[Data records]
=== Begin Enclosure ===
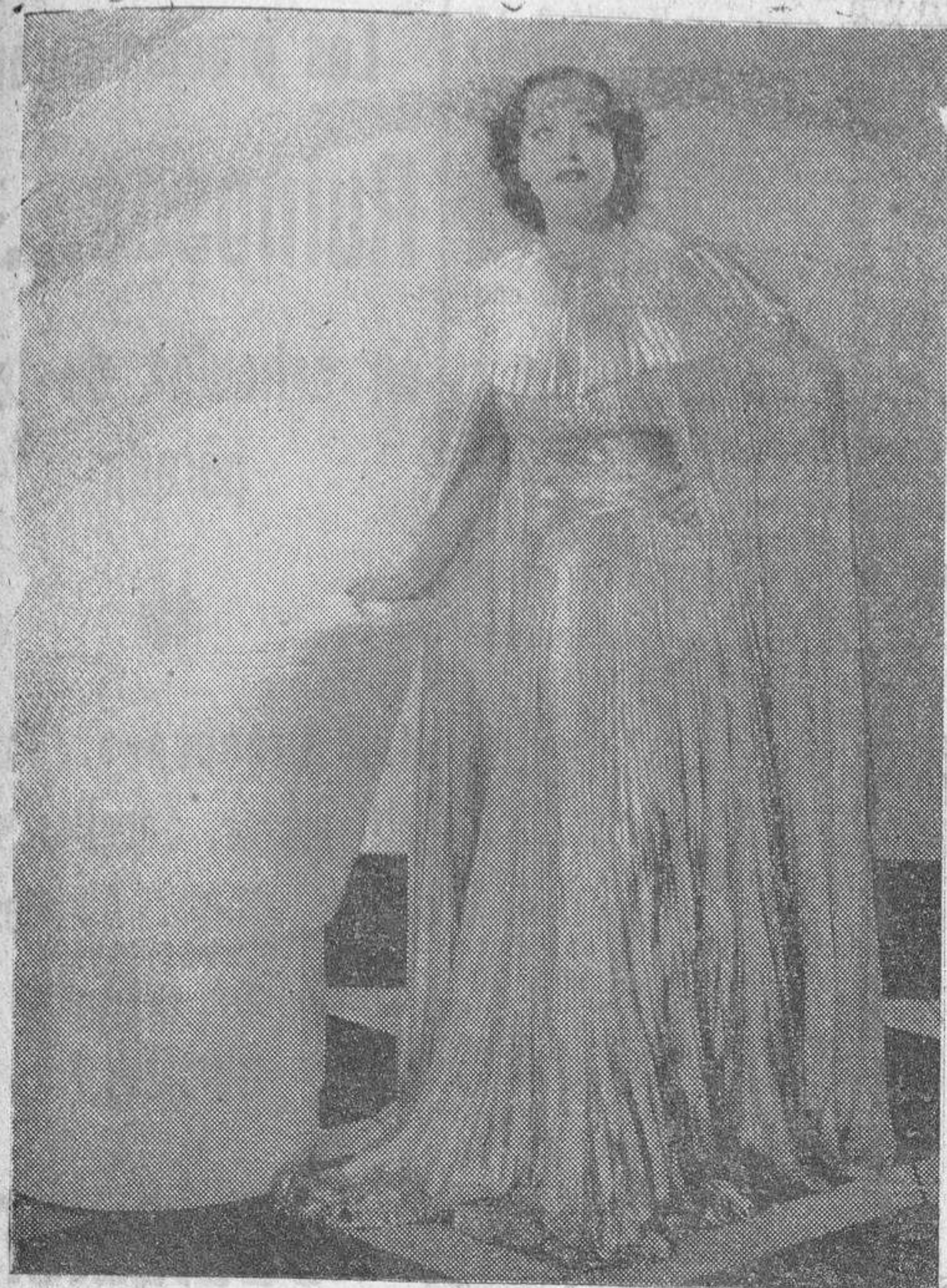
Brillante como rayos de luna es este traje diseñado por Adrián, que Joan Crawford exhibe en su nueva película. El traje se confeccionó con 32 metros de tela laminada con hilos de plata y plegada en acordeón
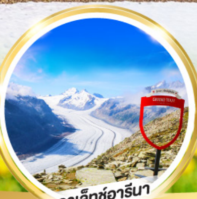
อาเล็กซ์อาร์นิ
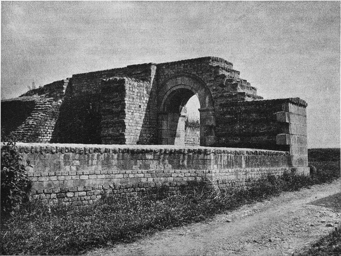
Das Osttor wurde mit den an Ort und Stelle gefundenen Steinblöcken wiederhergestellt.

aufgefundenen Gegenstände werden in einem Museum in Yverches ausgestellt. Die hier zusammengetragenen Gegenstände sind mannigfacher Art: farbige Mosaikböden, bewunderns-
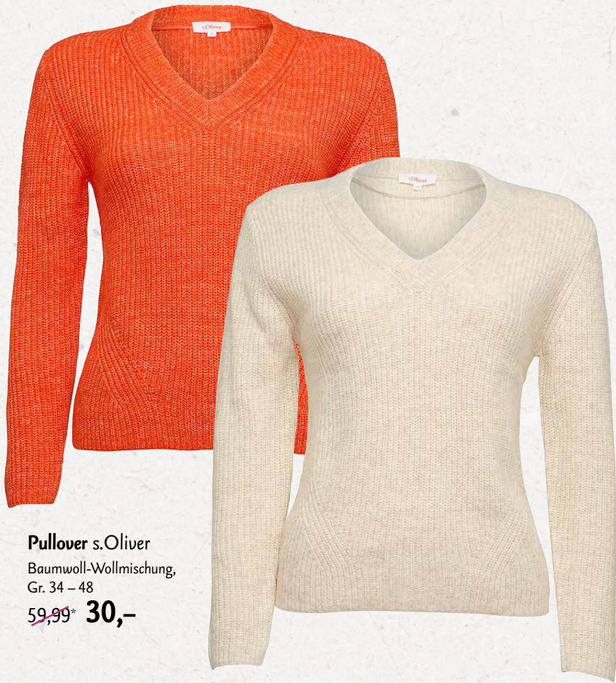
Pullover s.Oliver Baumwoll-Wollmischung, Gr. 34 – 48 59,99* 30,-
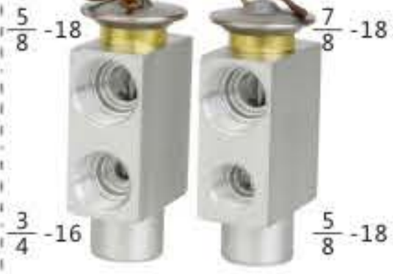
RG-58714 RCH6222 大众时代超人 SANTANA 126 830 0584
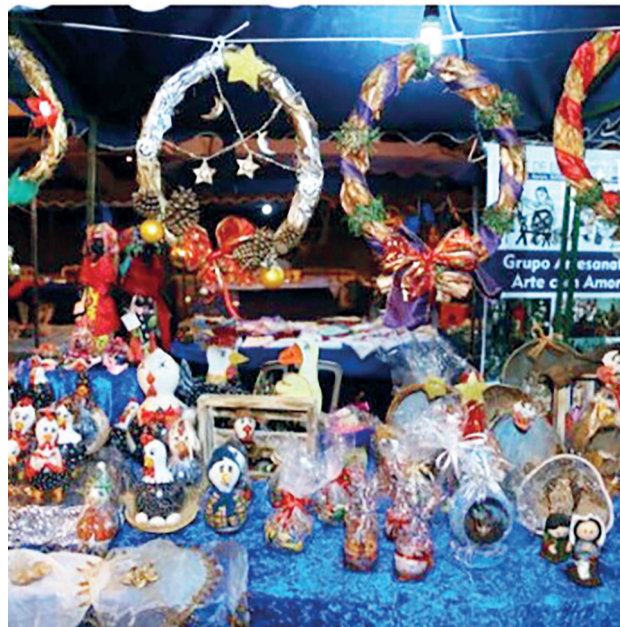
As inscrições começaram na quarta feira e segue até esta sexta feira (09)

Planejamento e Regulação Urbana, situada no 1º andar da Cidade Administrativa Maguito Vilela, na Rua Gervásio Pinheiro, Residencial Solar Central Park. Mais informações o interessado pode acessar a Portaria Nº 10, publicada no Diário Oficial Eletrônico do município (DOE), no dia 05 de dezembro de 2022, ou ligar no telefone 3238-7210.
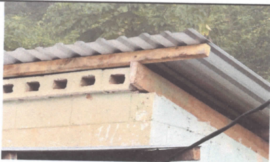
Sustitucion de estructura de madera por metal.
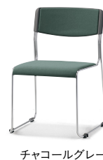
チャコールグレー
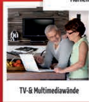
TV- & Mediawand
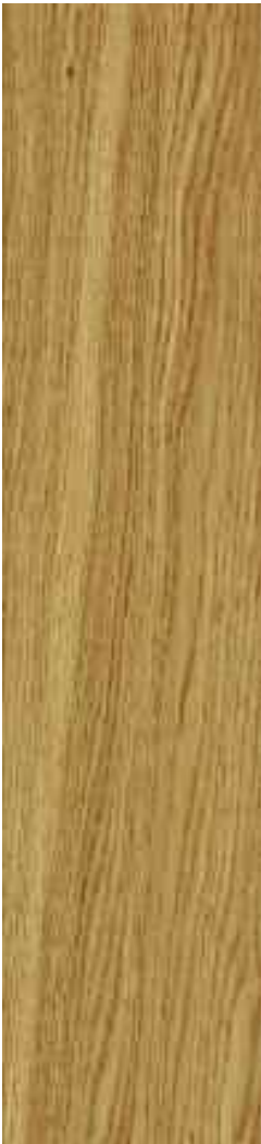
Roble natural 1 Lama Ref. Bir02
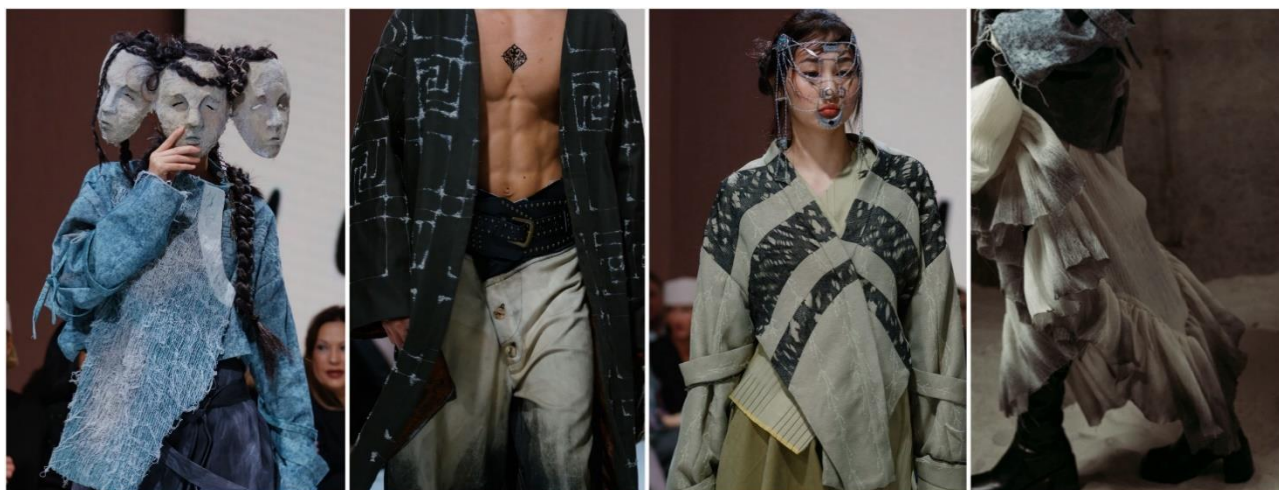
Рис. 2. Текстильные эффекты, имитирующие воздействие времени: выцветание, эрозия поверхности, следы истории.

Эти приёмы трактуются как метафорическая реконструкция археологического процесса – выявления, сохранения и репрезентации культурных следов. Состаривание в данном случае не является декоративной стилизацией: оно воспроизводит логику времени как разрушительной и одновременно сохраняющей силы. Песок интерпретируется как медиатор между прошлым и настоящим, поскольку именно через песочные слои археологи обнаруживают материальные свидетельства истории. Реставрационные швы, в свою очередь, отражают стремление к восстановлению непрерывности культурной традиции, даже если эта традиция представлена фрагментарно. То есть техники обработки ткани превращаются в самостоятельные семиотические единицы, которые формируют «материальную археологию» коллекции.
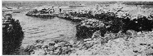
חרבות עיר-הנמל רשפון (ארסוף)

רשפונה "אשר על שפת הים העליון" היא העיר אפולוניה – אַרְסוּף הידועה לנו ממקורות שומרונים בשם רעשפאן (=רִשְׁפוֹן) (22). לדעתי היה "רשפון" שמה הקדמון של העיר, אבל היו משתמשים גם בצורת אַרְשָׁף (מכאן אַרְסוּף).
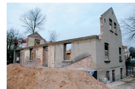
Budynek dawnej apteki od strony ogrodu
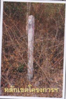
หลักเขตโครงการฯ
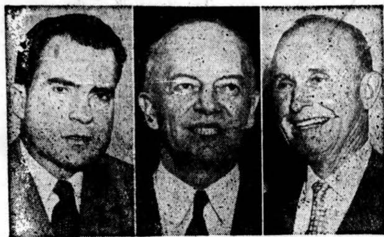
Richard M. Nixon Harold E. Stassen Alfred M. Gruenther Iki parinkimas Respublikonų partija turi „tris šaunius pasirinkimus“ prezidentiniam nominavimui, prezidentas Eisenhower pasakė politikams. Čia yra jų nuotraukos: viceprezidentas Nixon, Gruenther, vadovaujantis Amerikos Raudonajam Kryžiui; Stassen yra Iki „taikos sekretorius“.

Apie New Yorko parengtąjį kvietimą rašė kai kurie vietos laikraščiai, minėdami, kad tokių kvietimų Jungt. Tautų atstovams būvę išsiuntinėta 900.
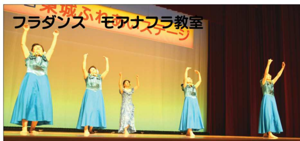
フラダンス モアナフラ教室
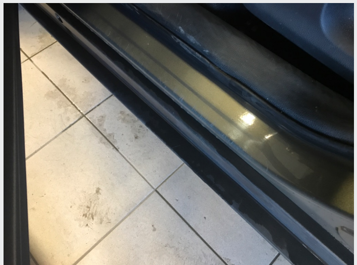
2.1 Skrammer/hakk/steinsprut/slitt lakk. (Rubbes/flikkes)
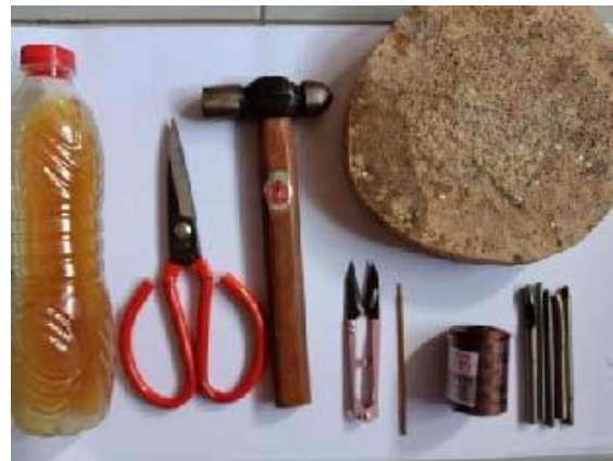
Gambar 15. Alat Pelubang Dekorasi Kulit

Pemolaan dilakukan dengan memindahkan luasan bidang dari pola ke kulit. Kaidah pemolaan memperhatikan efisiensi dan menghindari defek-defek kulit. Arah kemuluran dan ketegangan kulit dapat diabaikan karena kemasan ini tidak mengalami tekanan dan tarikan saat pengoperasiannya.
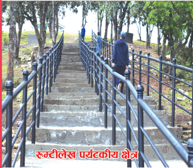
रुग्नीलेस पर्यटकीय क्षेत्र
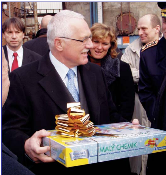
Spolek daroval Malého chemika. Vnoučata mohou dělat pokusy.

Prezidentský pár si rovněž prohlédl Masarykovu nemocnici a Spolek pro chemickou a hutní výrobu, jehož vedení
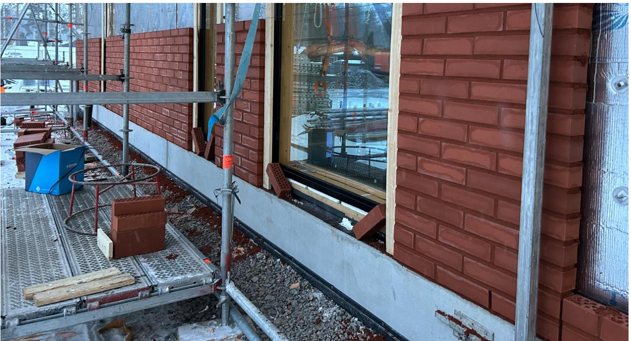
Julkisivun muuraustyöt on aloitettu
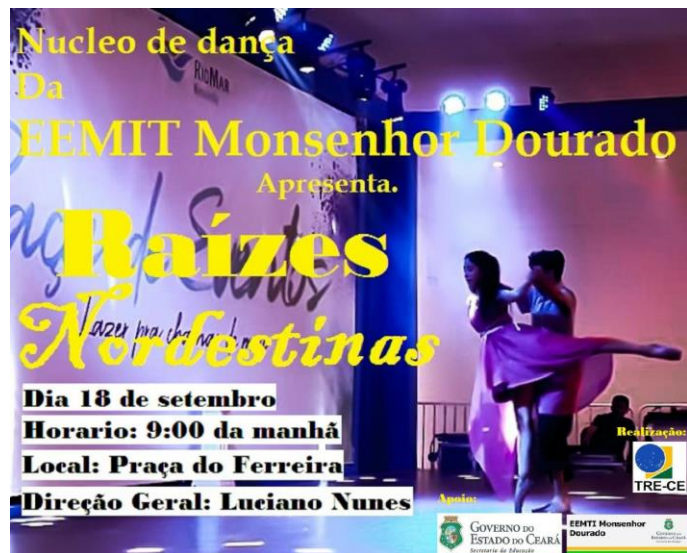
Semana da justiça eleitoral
=== End Enclosure ===
Pictures do not belong in the answer. Return the lines above starting at the one with "2.1 Skrammer/hakk/steinsprut/slitt lakk." and ending at the one with "Gambar 15. Alat Pelubang Dekorasi Kulit", both kept, exactly.

2.1 Skrammer/hakk/steinsprut/slitt lakk. (Rubbes/flikkes)
Gambar 15. Alat Pelubang Dekorasi Kulit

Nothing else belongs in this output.